The HLS Compiler is better in this regard. While creating a design from the ground up with an HDL achieves far superior results for a narrow set of parameters, the HLS Compiler succeeds at providing consistent performance results even with radically different parameters, albeit at the cost of resources. An example of this is the implementation of the MAC operation: By not using the MAC configuration of the FPGA's DSP blocks on any data width, the HLS Compiler ensures a consistent performance across all data widths.
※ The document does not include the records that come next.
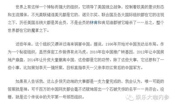现在,赵薇事件中,据说这个共济会又不拘小节地参与了爱情电影《没有别的爱》。但是因为内参君能力有限,关于这个事情实在无从考证。所以,只能来说说可以被考证的,关于赵薇杀人指控的“你好万维网”事件。
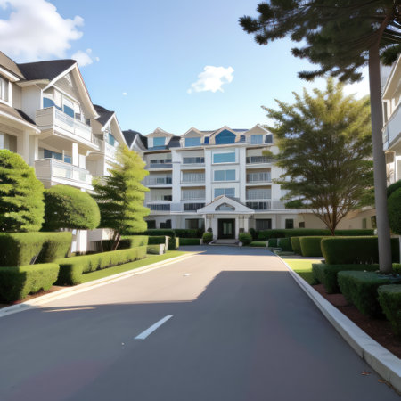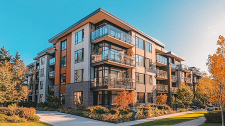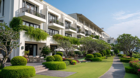Elegant luxury condominium exterior with landscaped surroundings, comfort. generated by ai
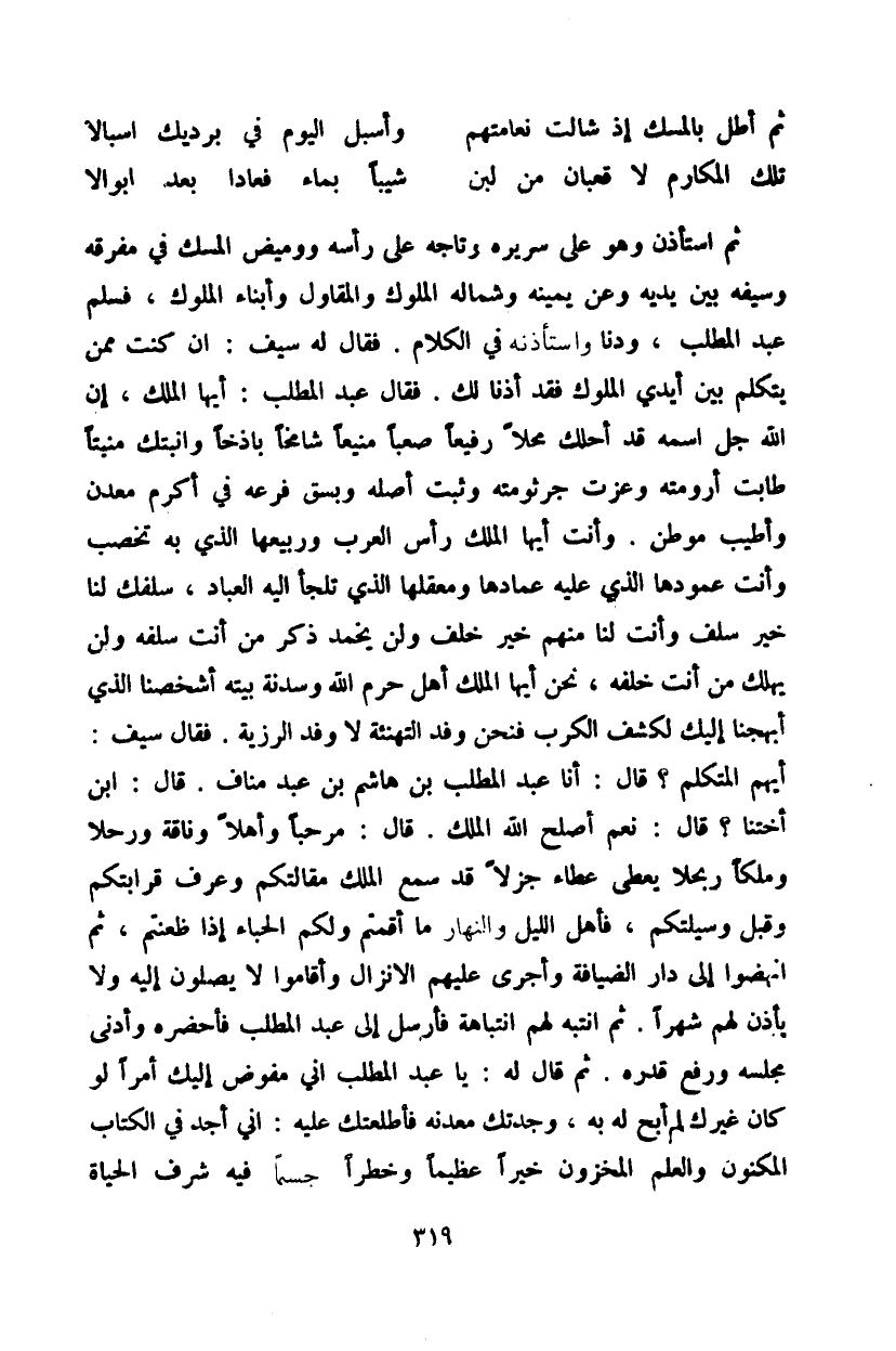 ثم استأذن وهو على سريره وتاجه على رأسه ووميض المسك في مفرقه وسيفه بين يديه وعن يمينه وشماله الملوك والمقاول وأبناء الملوك، فسلم عبد المطلب، ودنا وأستأذنه في الكلام. فقال له سيف: إن كنت ممن يتكلم بين أيدي الملوك فقد أذنا لك. فقال عبد المطلب: أيها الملك، إن الله جل اسمه قد أحلك محلاً رفيعاً
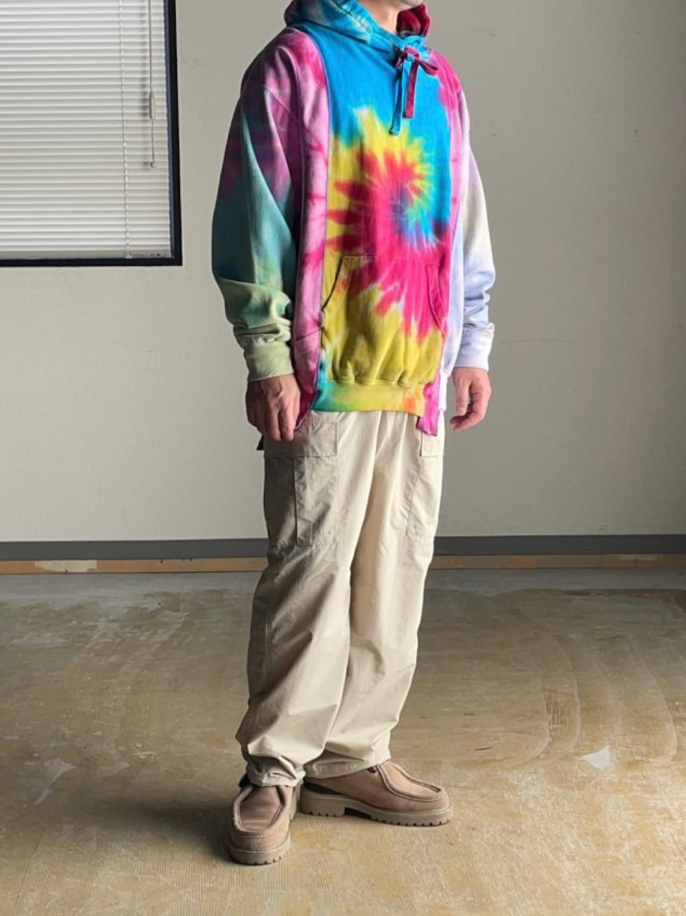 存在感がありすぎるリビルドバイニードルズのタイダイパーカーをメインに他はワントーンで、シンプルに。 上にコートを羽織っても◎ TOPS : M BOTTOMS : S SHOES : 41
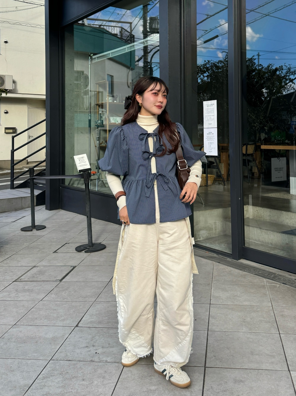 honokaのシャツ/ブラウス「フロント リボン バルーン 袖 ストライプ シャツ」を使ったコーディネート
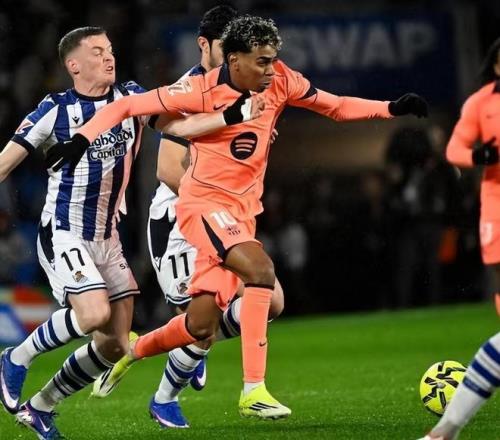 領頭羊巴薩吃到了近兩個月以來的首場敗仗,客場1-2不敵皇家社會。這一場比賽,巴薩是實力占優的一方,開場不到1分鐘的時間,奧亞薩瓦爾的進球就讓巴薩驚出一身冷汗,好在越位在先進球無效。隨后巴薩穩住陣腳,一波波攻勢威脅皇家社會,但是費爾明、德容、亞馬爾的進球都因為越位被吹掉。第32分鐘場上0-0的比分終于被改寫,格德斯傳中,奧亞薩瓦爾在后點左腳凌空抽射破門。
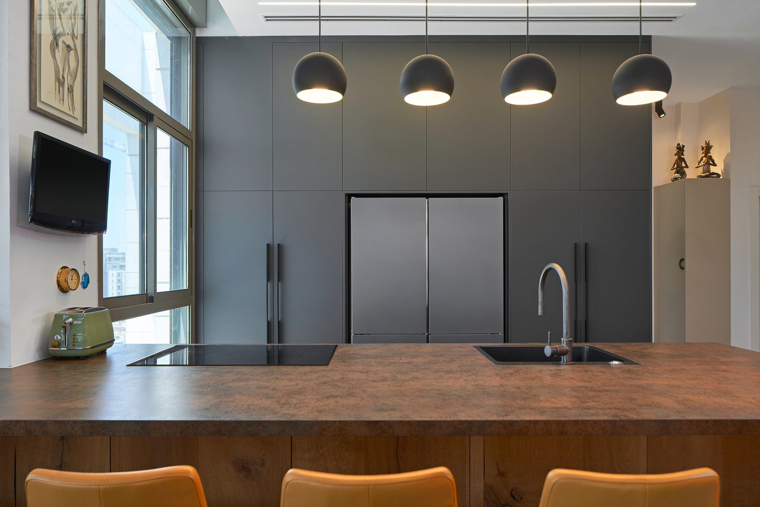 הכיור שעיצבנו במיוחד, יצוק בנוסחה ייחודית של בטון, בהשראת הקינצוגי היפני – תורת איחוי השברים בזהב, מסמל את החיבור של שני האנשים שיצרו חיים של יחד.

This, however, completely cancels out the benefits from having such specialised embedded constructs on the FPGA. Although it can be speculated that this design decision has been made to ease the synthesis process of the HLS Compiler, a possibility to force the compiler to use a different implementation could be beneficial.

The development of the HLS component took less than half the time it took to develop the RTL component, with the most time being consumed in finding the correct pragmas and compiler options for the HLS Compiler to produce the best results. No separate test bench needed to be coded apart from the high-level one described in the source file itself. The verification of the RTL design on the other hand took a lot of time, more than the development of the component itself. Although some of the development time of both designs was spent in learning the tools and methods, it is clear that the HLS design flow was both easier to learn and quicker to develop with.

A theoretical advantage of HLS is the portability of the high-level code. Optimally, the code written for HLS is pure high-level code with no device-specific optimisations and the HLS tools would perform these optimisations automatically. While RTL code can also be written in a way that allows it to be synthesised for different FPGAs even from different manufacturers, optimising the code for specific hardware can require significant effort.

In this work the C++ code of the component function is rather pure with little optimisations. The only parts of the component code that are specific to the Intel HLS Compiler are the pragmas used in the loops of the component and the Avalon streaming interfaces. However, if there are no similar streaming interfaces available in the targeted HLS tool, the code structure has to be modified. Had the pass-by-value interfaces been used instead, the component function would be almost completely portable with very little modifications.

### 5.4 Verdict

Having been released as late as 2017, the HLS Compiler is still a relatively new tool on the market and is clearly a work-in-progress: Not all Intel FPGA families can be targeted, only one simulation tool is supported and the HTML report has some views that are stated to be in a beta or alpha state. Also, the Avalon interface symbol width restriction is yet to be fixed, although it was acknowledged as an issue already in 2020 (42). Even if these issues may not be critical for development, it might be worthwhile to research other available tools as well while the Intel HLS Compiler evolves further.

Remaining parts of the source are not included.